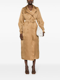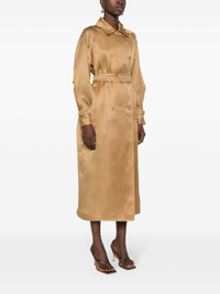 Sacco double-breasted trench coat Highlights - Camel brown - Silk - Organza - Satin finish - Tonal stitching - Spread collar - Long raglan sleeves - Belted cuffs - Two side inset pockets - Belt loops - Detachable and adjustable waist belt - Calf-length - Inverted pleat to the rear - Central rear vent - Straight hem - Unlined - Double-breasted button fastening Made in Italy Composition Silk 100% SIZE & FIT Model measurements Height 5 ft 11 in(1.8 m) Bust/Chest 32.67 in(83 cm) Hips 36.22 in(92 cm) Waist 24.4 in(62 cm) FittingInformation Designed to be unstructured, offering a loose fit throughout The belt offers adjustability for fitted preferences Made from a lightweight non-stretch fabric This piece fits true to size – take your usual size
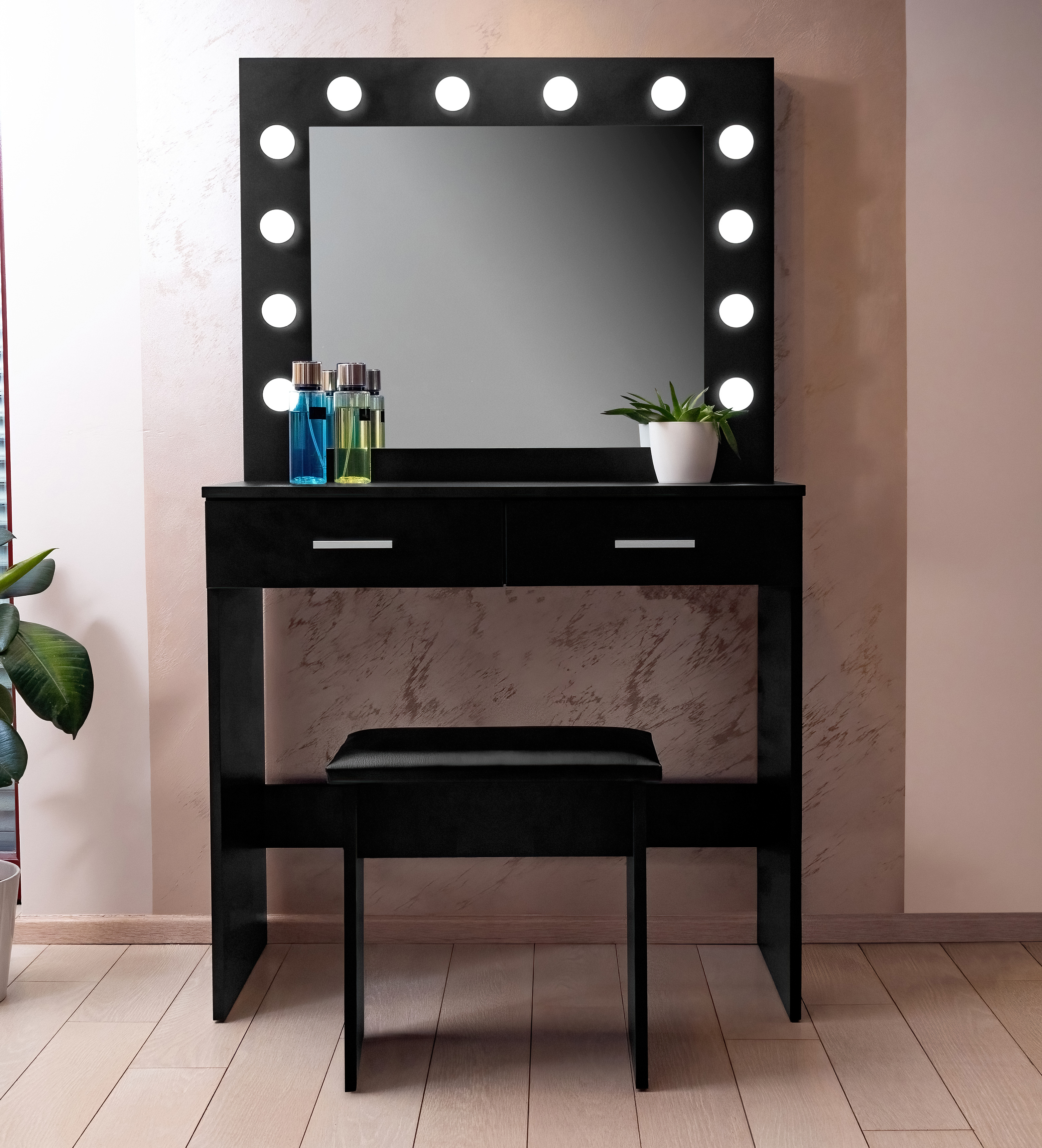 Na zrcadle je 12 LED žárovek, pohodlně se tedy nalíčíte i při špatném přirozeném světle. Taburet je vyrobený z vysoce kvalitní měkké a pěny, na které je možné sedět celé hodiny.
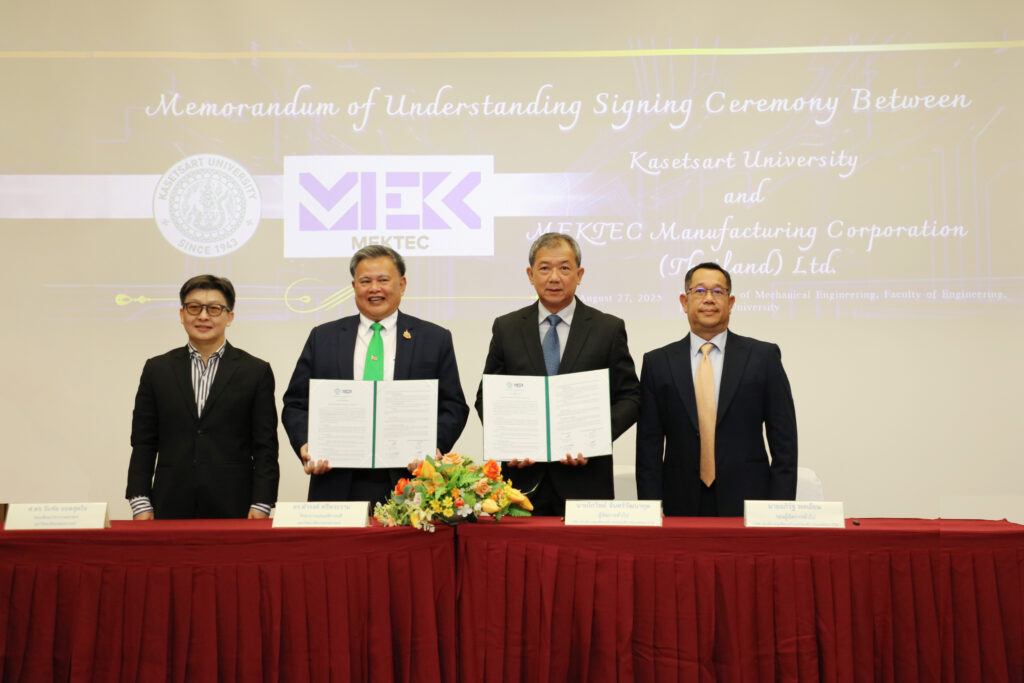 ภาควิชาวิศวกรรมเครื่องกล คณะวิศวกรรมศาสตร์ มหาวิทยาลัยเกษตรศาสตร์ เปิดตัว “MEKTEC Classroom” และลงนามความร่วมมือเชิงกลยุทธ์กับ บริษัท เม็กเท็ค แมนูแฟ็คเจอริ่ง คอร์ปอเรชั่น (ประเทศไทย) จำกัด ณ อาคาร 6 ชั้น 19 โดยมี ดร.ดำรงค์ ศรีพระราม รักษาการแทนอธิการบดี และ ศาสตราจารย์ ดร.วันชัย ยอดสุดใจ คณบดีคณะวิศวกรรมศาสตร์ ร่วมเป็นประธาน พร้อม คุณโกวิทย์ จันทร์วัฒนากุล ผู้จัดการทั่วไป และ คุณอภิรัฐ พลเยี่ยม รองผู้จัดการทั่วไป รวมถึงผู้บริหารระดับสูงจากเม็กเท็คเข้าร่วมเป็นสักขีพยานMEKTEC Classroom คือห้องเรียนต้นแบบที่ภาควิชาวิศวกรรมเครื่องกล ซึ่งนำเทคโนโลยีจากสายการผลิตจริงเข้าสู่การเรียนการสอนแบบบูรณาการ ผ่านจอข้อมูลกระบวนการและอุปกรณ์จริง ช่วยให้นิสิตฝึกวิเคราะห์ แก้ปัญหา ออกแบบนวัตกรรม และเชื่อมต่อสู่โครงงาน ฝึกงาน และการทำงานร่วมกับวิศวกรของบริษัทได้ตั้งแต่ในมหาวิทยาลัย
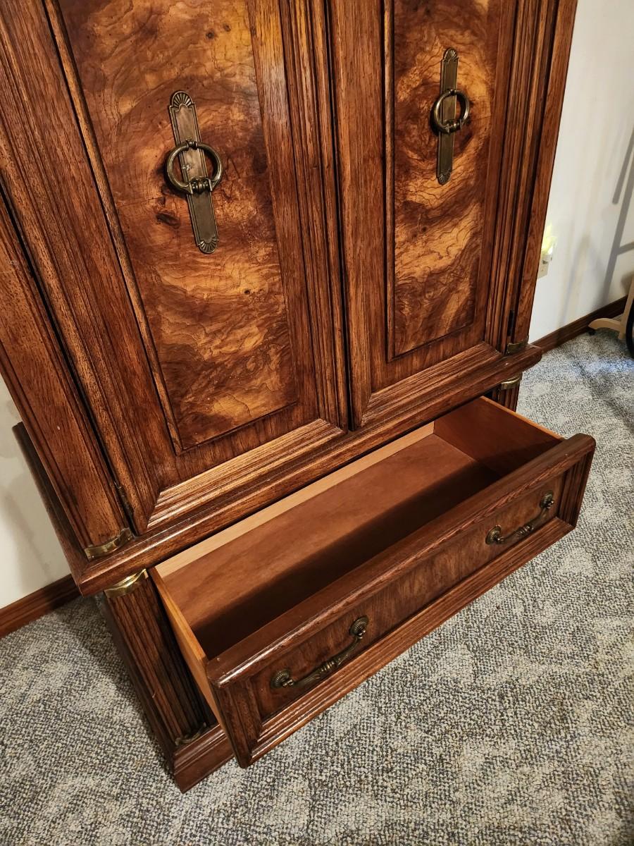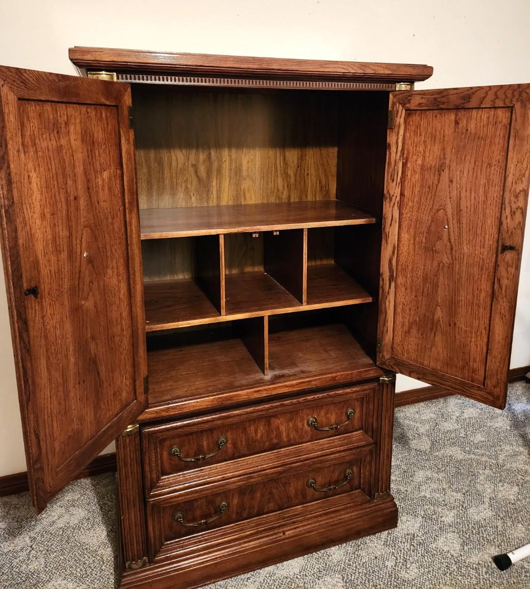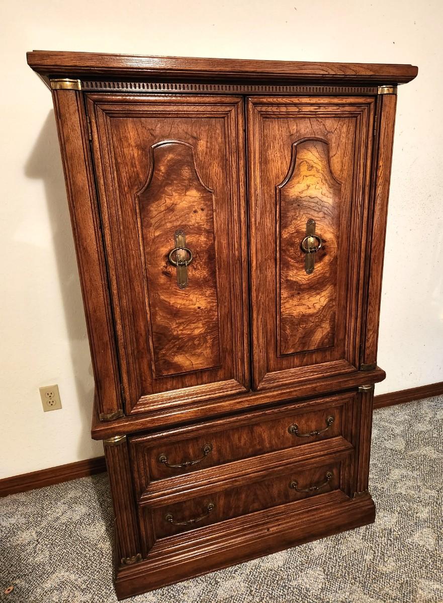 Bedroom Chest - 1980's - Oak finish, 2 drawers, 38" across, 19" deep, 62" tall. Gently used condition.
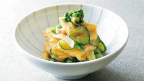 丁字麩(ちょうじふ)を使ったからしあえに菜の花とかまぼこを加えて春らしく、おかず感のある副菜に。なめらかで弾力がある丁字麩がみそだれのおいしさを吸い上げます。あえてから15分間以上おくと、より味がなじみます。
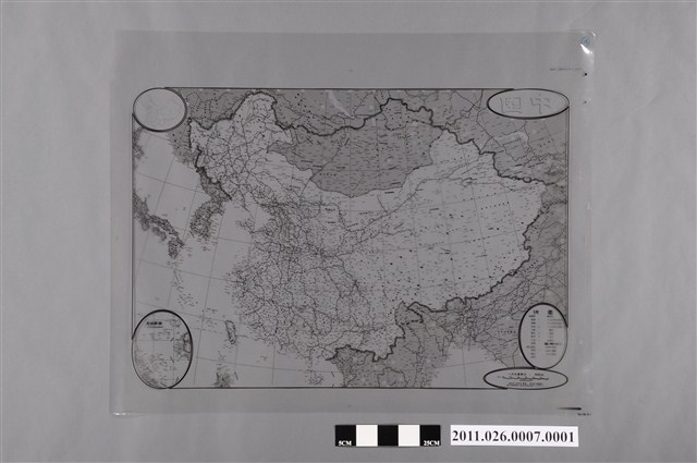 1. 本物件為以中國城市鐵路地圖(黑色色版)之一為主題之地圖膠片,其正面為黑白色調的中國地圖,地圖中以粗細不同的線條劃分中國國家之版圖國界、省級行政區界線道路分布等;地圖右上角白色橢圓形中,繪有中國國家版圖以及省級行政區分界;右下角直立式橢圓形中繪製有地圖,並標有圖名「南海諸島」;左下角有2個分別為直式及橫式的橢圓形,直式橢圓形標有「圖例」,第1排及第4排為圖例符號說明,第2排及第3排為繪製的圖例符號,橫式橢圓形內有文字「比例尺:六百萬分之一」、「彭納等面積投影」、「總編輯吳信政」、「製圖吳信恆、邱淑敏」、「1995年5月」、「天涯出版社出版」、「笙暉製版印刷」;左上方有橫式橢圓形,以白色具有陰影的字體寫有「中國」二字。2. 地圖印刷上採用四色印刷,先將原稿進行色分解,按減色混合原理實現全彩色複製的平版印刷方法,分成青(C)、品紅(M)、黃(Y)、黑(K)四色色版,通常按照黑、藍、紅、黃順序印刷,地圖上各要素用色也有規定。此圖總編輯吳信政教授為師大地理系退休教授,具有地圖學、地圖設計、遙測學等專長,製圖大多採用渲染法,透過渲染繪製而成的地圖,可以讓地形高度更清楚也更容易閱讀。
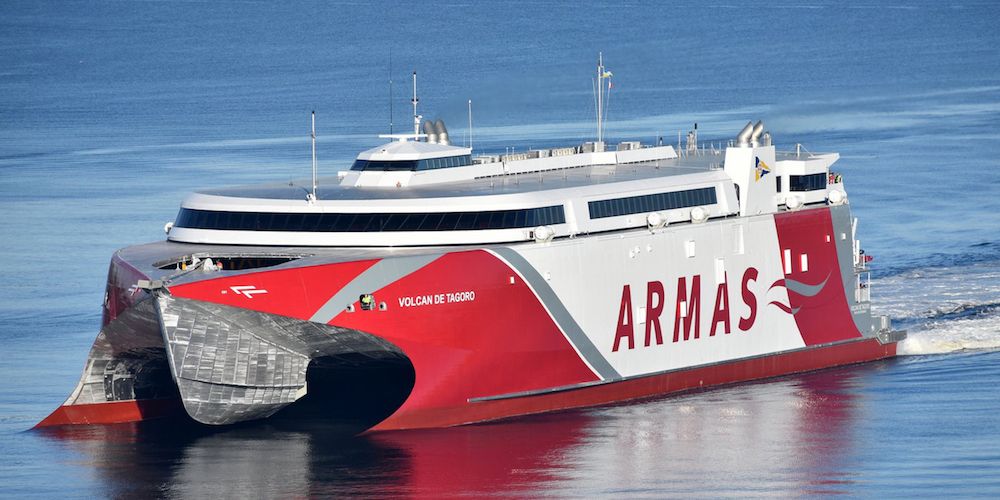 Para realizar este 'puente marítimo', Naviera Armas emplea dos catamaranes de alta velocidad, tales como son Volcán de Tagoro, considerado como el "más moderno" en su clase de la Marina mercante española, con 111 metros de eslora y capacidad para 1.184 pasajeros, de ellos 155 en clase business y 16 tripulantes, así como un garaje en dos cubiertas para 215 coches y 595 metros lineales para carga rodada.

================

PROBLEM STATEMENT >>
Repeat the records in full, precisely, and keep the pictures out.

EXERCISE ANSWER >>
 Sacco double-breasted trench coat Highlights - Camel brown - Silk - Organza - Satin finish - Tonal stitching - Spread collar - Long raglan sleeves - Belted cuffs - Two side inset pockets - Belt loops - Detachable and adjustable waist belt - Calf-length - Inverted pleat to the rear - Central rear vent - Straight hem - Unlined - Double-breasted button fastening Made in Italy Composition Silk 100% SIZE & FIT Model measurements Height 5 ft 11 in(1.8 m) Bust/Chest 32.67 in(83 cm) Hips 36.22 in(92 cm) Waist 24.4 in(62 cm) FittingInformation Designed to be unstructured, offering a loose fit throughout The belt offers adjustability for fitted preferences Made from a lightweight non-stretch fabric This piece fits true to size – take your usual size
 Na zrcadle je 12 LED žárovek, pohodlně se tedy nalíčíte i při špatném přirozeném světle. Taburet je vyrobený z vysoce kvalitní měkké a pěny, na které je možné sedět celé hodiny.
 ภาควิชาวิศวกรรมเครื่องกล คณะวิศวกรรมศาสตร์ มหาวิทยาลัยเกษตรศาสตร์ เปิดตัว “MEKTEC Classroom” และลงนามความร่วมมือเชิงกลยุทธ์กับ บริษัท เม็กเท็ค แมนูแฟ็คเจอริ่ง คอร์ปอเรชั่น (ประเทศไทย) จำกัด ณ อาคาร 6 ชั้น 19 โดยมี ดร.ดำรงค์ ศรีพระราม รักษาการแทนอธิการบดี และ ศาสตราจารย์ ดร.วันชัย ยอดสุดใจ คณบดีคณะวิศวกรรมศาสตร์ ร่วมเป็นประธาน พร้อม คุณโกวิทย์ จันทร์วัฒนากุล ผู้จัดการทั่วไป และ คุณอภิรัฐ พลเยี่ยม รองผู้จัดการทั่วไป รวมถึงผู้บริหารระดับสูงจากเม็กเท็คเข้าร่วมเป็นสักขีพยานMEKTEC Classroom คือห้องเรียนต้นแบบที่ภาควิชาวิศวกรรมเครื่องกล ซึ่งนำเทคโนโลยีจากสายการผลิตจริงเข้าสู่การเรียนการสอนแบบบูรณาการ ผ่านจอข้อมูลกระบวนการและอุปกรณ์จริง ช่วยให้นิสิตฝึกวิเคราะห์ แก้ปัญหา ออกแบบนวัตกรรม และเชื่อมต่อสู่โครงงาน ฝึกงาน และการทำงานร่วมกับวิศวกรของบริษัทได้ตั้งแต่ในมหาวิทยาลัย
 Bedroom Chest - 1980's - Oak finish, 2 drawers, 38" across, 19" deep, 62" tall. Gently used condition.
 丁字麩(ちょうじふ)を使ったからしあえに菜の花とかまぼこを加えて春らしく、おかず感のある副菜に。なめらかで弾力がある丁字麩がみそだれのおいしさを吸い上げます。あえてから15分間以上おくと、より味がなじみます。
 1. 本物件為以中國城市鐵路地圖(黑色色版)之一為主題之地圖膠片,其正面為黑白色調的中國地圖,地圖中以粗細不同的線條劃分中國國家之版圖國界、省級行政區界線道路分布等;地圖右上角白色橢圓形中,繪有中國國家版圖以及省級行政區分界;右下角直立式橢圓形中繪製有地圖,並標有圖名「南海諸島」;左下角有2個分別為直式及橫式的橢圓形,直式橢圓形標有「圖例」,第1排及第4排為圖例符號說明,第2排及第3排為繪製的圖例符號,橫式橢圓形內有文字「比例尺:六百萬分之一」、「彭納等面積投影」、「總編輯吳信政」、「製圖吳信恆、邱淑敏」、「1995年5月」、「天涯出版社出版」、「笙暉製版印刷」;左上方有橫式橢圓形,以白色具有陰影的字體寫有「中國」二字。2. 地圖印刷上採用四色印刷,先將原稿進行色分解,按減色混合原理實現全彩色複製的平版印刷方法,分成青(C)、品紅(M)、黃(Y)、黑(K)四色色版,通常按照黑、藍、紅、黃順序印刷,地圖上各要素用色也有規定。此圖總編輯吳信政教授為師大地理系退休教授,具有地圖學、地圖設計、遙測學等專長,製圖大多採用渲染法,透過渲染繪製而成的地圖,可以讓地形高度更清楚也更容易閱讀。
 Para realizar este 'puente marítimo', Naviera Armas emplea dos catamaranes de alta velocidad, tales como son Volcán de Tagoro, considerado como el "más moderno" en su clase de la Marina mercante española, con 111 metros de eslora y capacidad para 1.184 pasajeros, de ellos 155 en clase business y 16 tripulantes, así como un garaje en dos cubiertas para 215 coches y 595 metros lineales para carga rodada.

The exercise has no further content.